Google's Gemma models (which are some of the best available local models) are open weights but not technically OSI-compatible open source - they come with usage restrictions: https://ai.google.dev/gemma/terms
A yea the Gemma series is incredible and while maybe not meeting the standards of OSI - I consider them to be pretty open as far as local models go. And it’s not just the standard Gemma variants, Google is releasing other incredible Gemma models that I don’t think people have really even caught wind of yet like MedGemma, of which the 4b variant has vision capability.
I really enjoy their contributions to the open source AI community and think it’s pretty substantial.
Don't forget they also quite literally eat books
If you lease, those costs are amortized.

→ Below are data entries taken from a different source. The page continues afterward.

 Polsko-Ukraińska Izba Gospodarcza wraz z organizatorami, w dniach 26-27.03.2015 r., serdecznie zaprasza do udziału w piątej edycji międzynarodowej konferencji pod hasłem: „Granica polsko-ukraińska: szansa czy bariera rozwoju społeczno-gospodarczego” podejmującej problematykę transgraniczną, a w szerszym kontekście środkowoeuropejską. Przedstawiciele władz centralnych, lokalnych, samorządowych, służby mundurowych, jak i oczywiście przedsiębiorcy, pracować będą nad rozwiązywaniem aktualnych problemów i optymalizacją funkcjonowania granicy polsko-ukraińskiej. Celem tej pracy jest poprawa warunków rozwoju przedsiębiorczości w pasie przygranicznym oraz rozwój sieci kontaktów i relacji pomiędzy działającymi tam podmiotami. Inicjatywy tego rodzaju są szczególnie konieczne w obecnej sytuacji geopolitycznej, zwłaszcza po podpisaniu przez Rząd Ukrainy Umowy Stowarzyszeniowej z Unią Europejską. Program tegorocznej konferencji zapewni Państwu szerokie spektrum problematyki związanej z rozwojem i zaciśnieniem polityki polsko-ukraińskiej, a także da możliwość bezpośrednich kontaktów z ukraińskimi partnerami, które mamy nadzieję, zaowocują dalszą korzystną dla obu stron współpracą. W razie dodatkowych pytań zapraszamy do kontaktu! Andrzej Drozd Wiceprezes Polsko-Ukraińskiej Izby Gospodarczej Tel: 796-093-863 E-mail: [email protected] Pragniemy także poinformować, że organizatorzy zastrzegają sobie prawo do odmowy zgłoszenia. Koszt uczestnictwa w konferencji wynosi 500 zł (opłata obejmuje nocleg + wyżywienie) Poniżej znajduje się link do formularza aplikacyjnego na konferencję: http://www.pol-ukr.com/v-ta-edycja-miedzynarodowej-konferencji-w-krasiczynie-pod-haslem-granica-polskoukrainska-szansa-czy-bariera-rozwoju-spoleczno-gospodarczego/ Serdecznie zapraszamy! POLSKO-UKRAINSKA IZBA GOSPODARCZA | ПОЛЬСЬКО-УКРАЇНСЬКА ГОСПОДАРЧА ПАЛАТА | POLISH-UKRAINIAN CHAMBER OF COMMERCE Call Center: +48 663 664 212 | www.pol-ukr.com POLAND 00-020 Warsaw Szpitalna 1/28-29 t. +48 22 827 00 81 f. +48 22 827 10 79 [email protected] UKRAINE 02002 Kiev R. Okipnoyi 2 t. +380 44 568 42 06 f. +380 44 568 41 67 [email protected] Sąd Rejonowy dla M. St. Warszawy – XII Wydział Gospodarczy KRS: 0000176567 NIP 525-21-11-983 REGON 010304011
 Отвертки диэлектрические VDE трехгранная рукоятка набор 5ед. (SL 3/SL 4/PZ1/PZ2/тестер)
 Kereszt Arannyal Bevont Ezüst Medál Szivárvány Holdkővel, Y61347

It was definitely more than $5M, but I don't think it was as high as $100M. All things considered, I still believe Deepseek was trained at one (perhaps two) orders of magnitude lower cost than other competing models.
https://interestingengineering.com/culture/deepseeks-ai-trai...
This is obviously false, I'm curious why you included it.
> Oh, and their models and code are all FLOSS.
No?
Will it be restricted like Llama, or fully open like Whisper or Granite?
I think the sweet spot for local models may be around the 20B size - that's Mistral Small 3.x and some of the Gemma 3 models. They're very capable and run in less than 32GB of RAM.
I really hope OpenAI put one out in that weight class, personally.